(Records from a data source)

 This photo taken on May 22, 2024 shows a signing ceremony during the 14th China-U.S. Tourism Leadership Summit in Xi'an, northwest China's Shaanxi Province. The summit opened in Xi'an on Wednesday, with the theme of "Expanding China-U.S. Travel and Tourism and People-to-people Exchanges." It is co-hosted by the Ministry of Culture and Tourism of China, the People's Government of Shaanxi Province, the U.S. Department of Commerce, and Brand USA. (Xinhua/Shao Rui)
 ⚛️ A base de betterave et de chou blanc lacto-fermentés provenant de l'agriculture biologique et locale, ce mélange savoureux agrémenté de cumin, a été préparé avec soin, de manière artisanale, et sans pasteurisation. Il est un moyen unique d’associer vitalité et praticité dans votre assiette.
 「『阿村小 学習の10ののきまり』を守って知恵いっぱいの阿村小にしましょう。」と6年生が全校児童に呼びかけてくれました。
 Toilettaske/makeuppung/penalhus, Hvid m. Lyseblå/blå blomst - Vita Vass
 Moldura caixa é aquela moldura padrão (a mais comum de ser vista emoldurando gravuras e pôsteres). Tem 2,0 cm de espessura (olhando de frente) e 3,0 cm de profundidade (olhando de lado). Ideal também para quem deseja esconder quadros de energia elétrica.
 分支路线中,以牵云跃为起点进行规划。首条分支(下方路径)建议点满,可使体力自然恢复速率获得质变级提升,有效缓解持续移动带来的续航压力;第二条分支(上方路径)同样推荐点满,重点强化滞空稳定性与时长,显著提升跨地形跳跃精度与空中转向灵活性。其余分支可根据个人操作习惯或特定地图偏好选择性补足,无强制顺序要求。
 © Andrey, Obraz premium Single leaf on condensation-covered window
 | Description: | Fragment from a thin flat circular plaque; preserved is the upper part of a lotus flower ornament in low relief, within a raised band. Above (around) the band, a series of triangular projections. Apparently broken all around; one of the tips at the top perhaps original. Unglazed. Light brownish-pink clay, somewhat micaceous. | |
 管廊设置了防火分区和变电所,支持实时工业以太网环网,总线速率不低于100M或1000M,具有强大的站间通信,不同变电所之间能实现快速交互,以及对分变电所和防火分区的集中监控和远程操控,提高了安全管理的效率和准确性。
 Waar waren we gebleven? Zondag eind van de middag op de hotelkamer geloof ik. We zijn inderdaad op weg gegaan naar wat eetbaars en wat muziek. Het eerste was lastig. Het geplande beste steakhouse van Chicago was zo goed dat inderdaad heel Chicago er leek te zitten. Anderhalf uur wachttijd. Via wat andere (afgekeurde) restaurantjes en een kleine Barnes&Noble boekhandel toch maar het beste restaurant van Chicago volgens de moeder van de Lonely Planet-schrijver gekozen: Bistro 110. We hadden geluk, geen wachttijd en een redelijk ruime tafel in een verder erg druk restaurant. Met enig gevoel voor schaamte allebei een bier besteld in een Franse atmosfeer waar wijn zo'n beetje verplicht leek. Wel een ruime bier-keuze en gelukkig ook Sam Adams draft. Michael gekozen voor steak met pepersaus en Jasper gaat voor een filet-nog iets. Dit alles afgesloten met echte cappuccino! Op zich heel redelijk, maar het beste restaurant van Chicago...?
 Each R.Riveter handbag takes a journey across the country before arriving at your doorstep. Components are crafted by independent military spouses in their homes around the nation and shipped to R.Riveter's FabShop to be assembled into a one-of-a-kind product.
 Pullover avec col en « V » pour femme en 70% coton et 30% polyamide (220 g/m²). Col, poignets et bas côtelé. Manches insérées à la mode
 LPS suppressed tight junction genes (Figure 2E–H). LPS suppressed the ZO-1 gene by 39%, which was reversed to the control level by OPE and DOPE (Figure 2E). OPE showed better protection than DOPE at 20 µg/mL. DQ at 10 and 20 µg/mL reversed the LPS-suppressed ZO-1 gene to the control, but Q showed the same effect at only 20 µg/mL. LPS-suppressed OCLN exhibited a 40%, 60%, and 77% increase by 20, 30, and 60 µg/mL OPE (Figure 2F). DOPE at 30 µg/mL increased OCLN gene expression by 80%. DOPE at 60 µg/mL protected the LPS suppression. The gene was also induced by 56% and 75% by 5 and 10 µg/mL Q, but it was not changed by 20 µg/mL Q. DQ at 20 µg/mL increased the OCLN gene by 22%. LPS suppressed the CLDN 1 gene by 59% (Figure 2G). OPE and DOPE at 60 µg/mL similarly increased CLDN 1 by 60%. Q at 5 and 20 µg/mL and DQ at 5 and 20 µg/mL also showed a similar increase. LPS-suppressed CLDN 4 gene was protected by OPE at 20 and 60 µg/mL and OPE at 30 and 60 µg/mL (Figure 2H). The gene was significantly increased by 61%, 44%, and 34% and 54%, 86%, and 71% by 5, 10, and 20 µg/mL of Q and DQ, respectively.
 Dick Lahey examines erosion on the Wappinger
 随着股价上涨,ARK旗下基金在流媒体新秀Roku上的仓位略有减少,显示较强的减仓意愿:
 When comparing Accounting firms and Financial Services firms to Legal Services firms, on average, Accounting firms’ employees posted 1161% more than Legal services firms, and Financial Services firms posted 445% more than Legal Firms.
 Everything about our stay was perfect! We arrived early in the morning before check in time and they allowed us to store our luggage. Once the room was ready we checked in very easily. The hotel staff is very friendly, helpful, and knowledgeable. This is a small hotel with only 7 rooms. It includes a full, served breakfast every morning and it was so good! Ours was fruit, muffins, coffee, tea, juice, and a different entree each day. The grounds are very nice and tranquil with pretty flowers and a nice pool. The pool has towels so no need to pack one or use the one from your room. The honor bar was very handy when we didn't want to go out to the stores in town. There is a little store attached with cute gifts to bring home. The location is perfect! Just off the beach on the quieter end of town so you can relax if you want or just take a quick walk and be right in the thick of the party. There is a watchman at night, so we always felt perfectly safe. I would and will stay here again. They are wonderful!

## TASK STATEMENT
Return only the lines between the one holding "Toilettaske/makeuppung/penalhus, Hvid m." and the one holding "管廊设置了防火分区和变电所,支持实时工业", inclusive, exactly as they appear above.

## SOLUTION FOR THIS EXERCISE
 Toilettaske/makeuppung/penalhus, Hvid m. Lyseblå/blå blomst - Vita Vass
 Moldura caixa é aquela moldura padrão (a mais comum de ser vista emoldurando gravuras e pôsteres). Tem 2,0 cm de espessura (olhando de frente) e 3,0 cm de profundidade (olhando de lado). Ideal também para quem deseja esconder quadros de energia elétrica.
 分支路线中,以牵云跃为起点进行规划。首条分支(下方路径)建议点满,可使体力自然恢复速率获得质变级提升,有效缓解持续移动带来的续航压力;第二条分支(上方路径)同样推荐点满,重点强化滞空稳定性与时长,显著提升跨地形跳跃精度与空中转向灵活性。其余分支可根据个人操作习惯或特定地图偏好选择性补足,无强制顺序要求。
 © Andrey, Obraz premium Single leaf on condensation-covered window
 | Description: | Fragment from a thin flat circular plaque; preserved is the upper part of a lotus flower ornament in low relief, within a raised band. Above (around) the band, a series of triangular projections. Apparently broken all around; one of the tips at the top perhaps original. Unglazed. Light brownish-pink clay, somewhat micaceous. | |
 管廊设置了防火分区和变电所,支持实时工业以太网环网,总线速率不低于100M或1000M,具有强大的站间通信,不同变电所之间能实现快速交互,以及对分变电所和防火分区的集中监控和远程操控,提高了安全管理的效率和准确性。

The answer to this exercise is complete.